__PROBLEM TO WORK ON__
Please print exactly the lines from the line containing "Modern Monogram Tropical" through the end of the data, no more, and keep pictures out of the copy.

__SUPPLIED DATA__
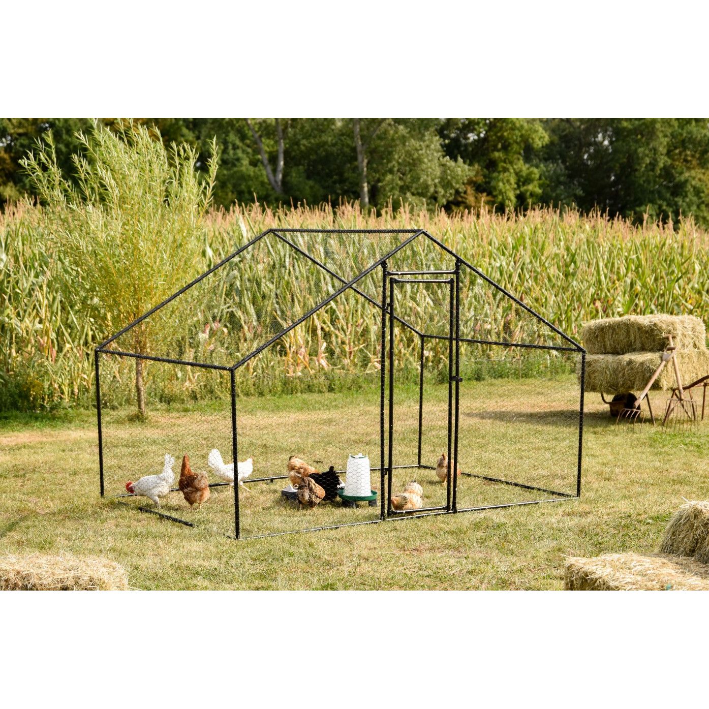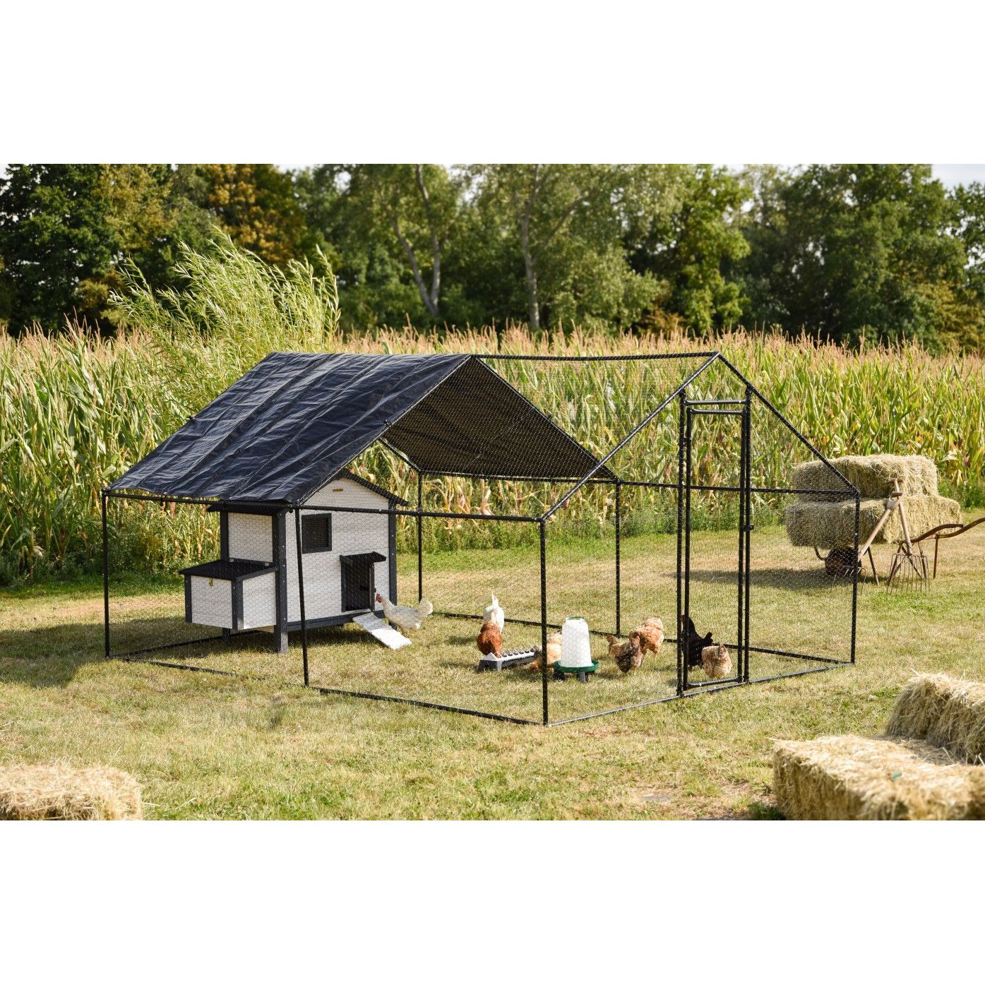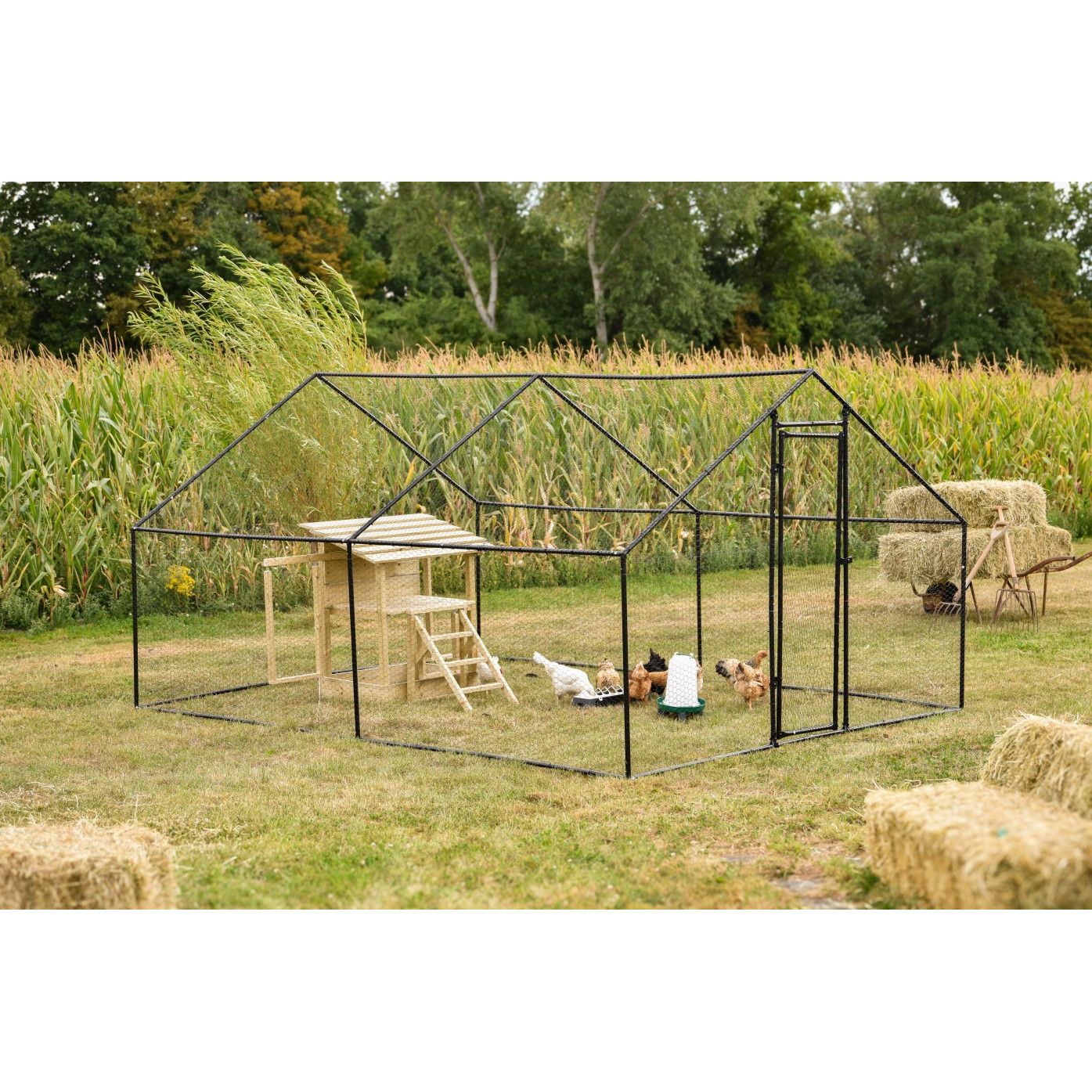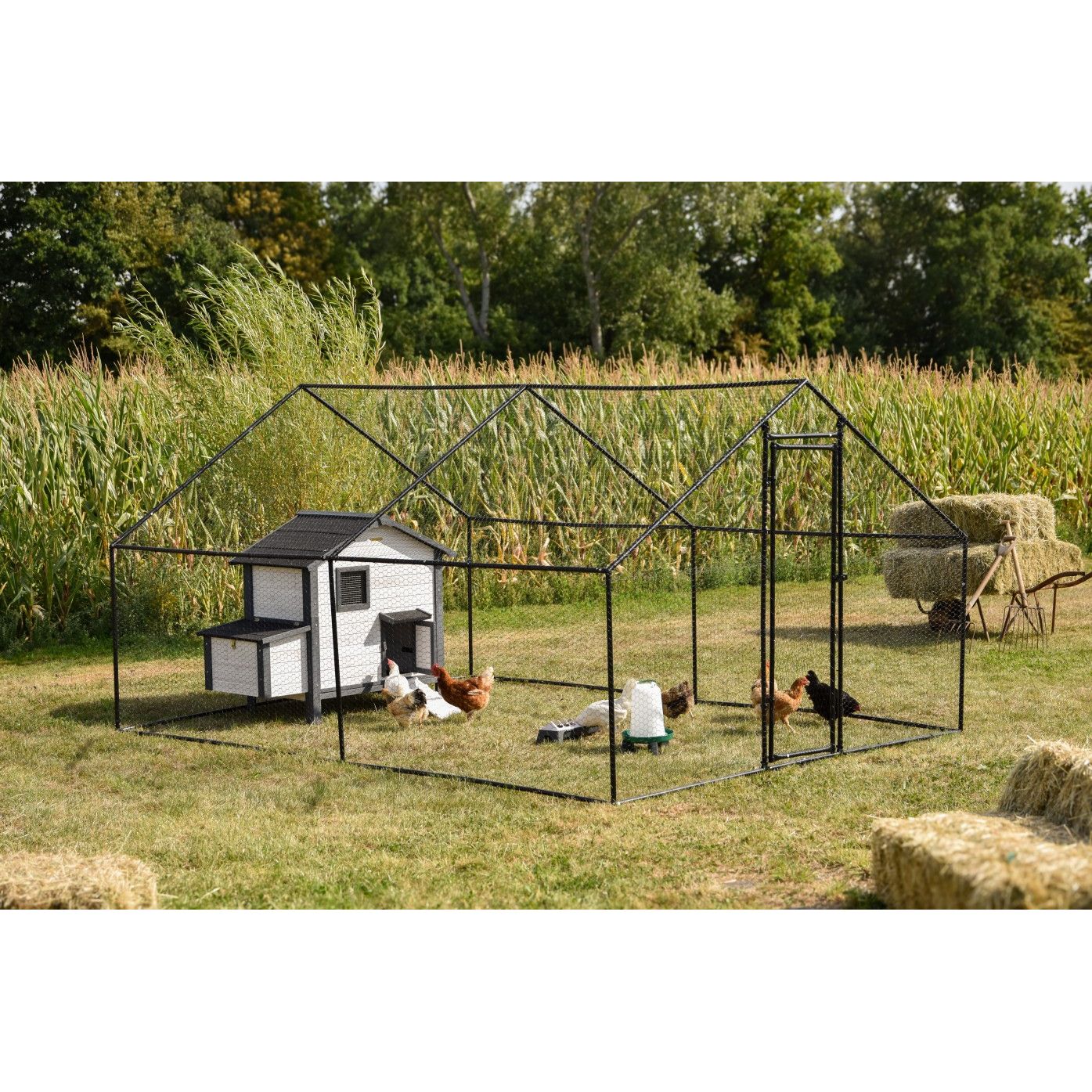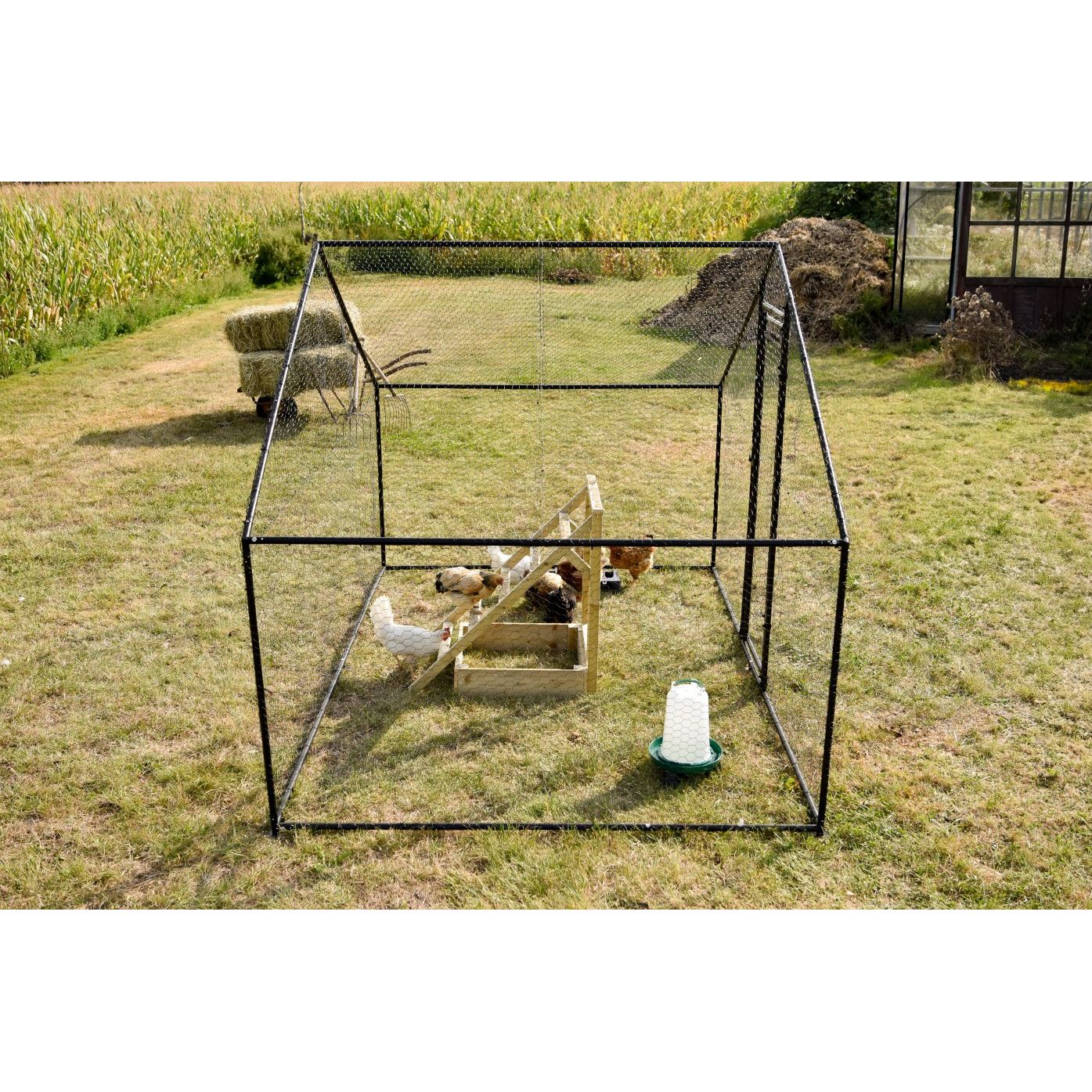 Aussen-Geflügelgehege aus schwarzem Metallrahmen mit weissem Hühnerstall, Hühnern, Wassertränke und Heuballen; Maisfeld im Hintergrund.
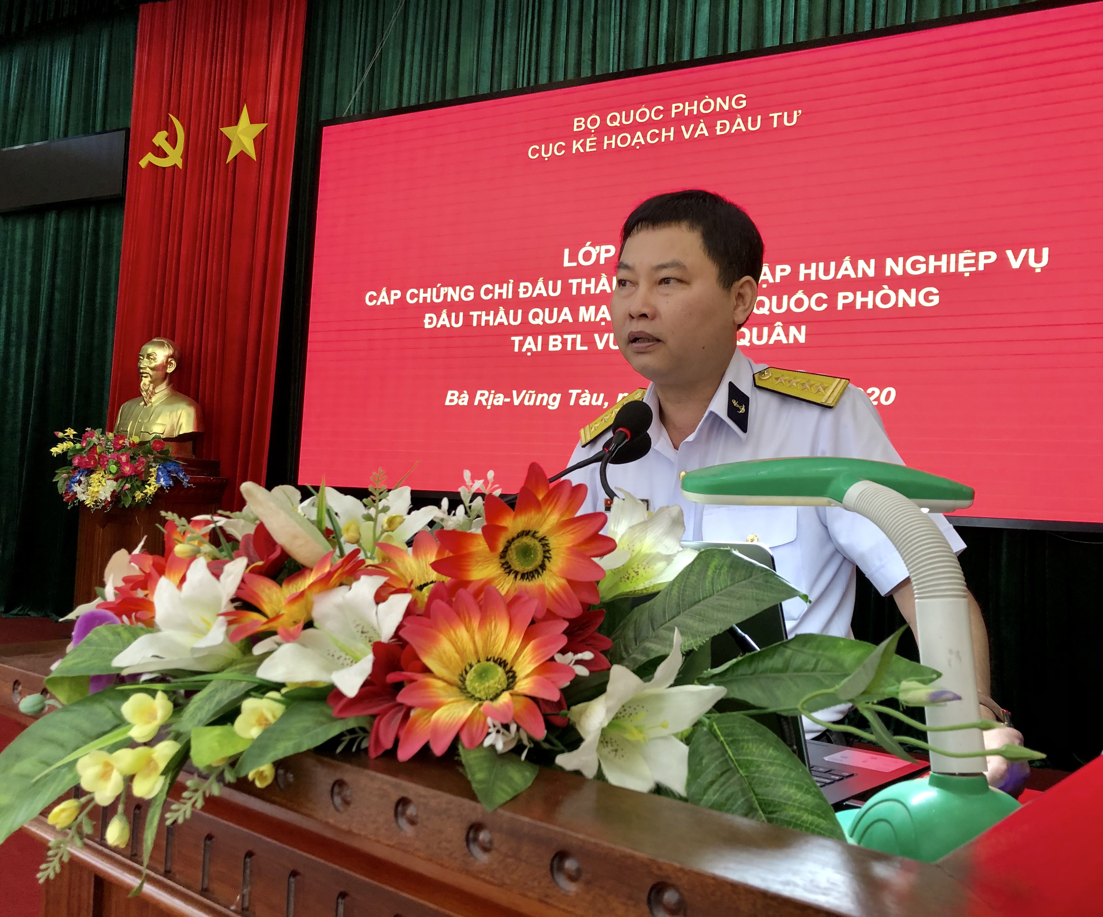 Phát biểu khai mạc lớp học, Đại tá Nguyễn Anh Tuấn, Tư lệnh Vùng 2 Hải quân đề nghị các học viên tập trung nghiên cứu, nắm chắc những nội dung tập huấn để sau khi học tập sẽ góp phần nâng cao hiệu quả trong quá trình tổ chức thực hiện làm công tác đấu thầu của các chủ đầu tư, các ban quản lý dự án tại đơn vị.
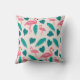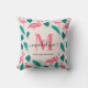 Modern Monogram Tropical Leaves Hot Pink Flamingo Throw Pillow
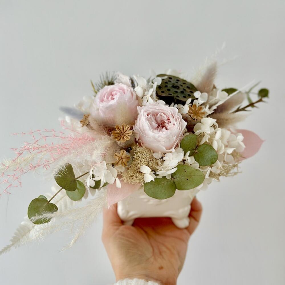 Композиция из стабилизированных цветов в кашпо Антик

__FINAL ANSWER__
 Modern Monogram Tropical Leaves Hot Pink Flamingo Throw Pillow
 Композиция из стабилизированных цветов в кашпо Антик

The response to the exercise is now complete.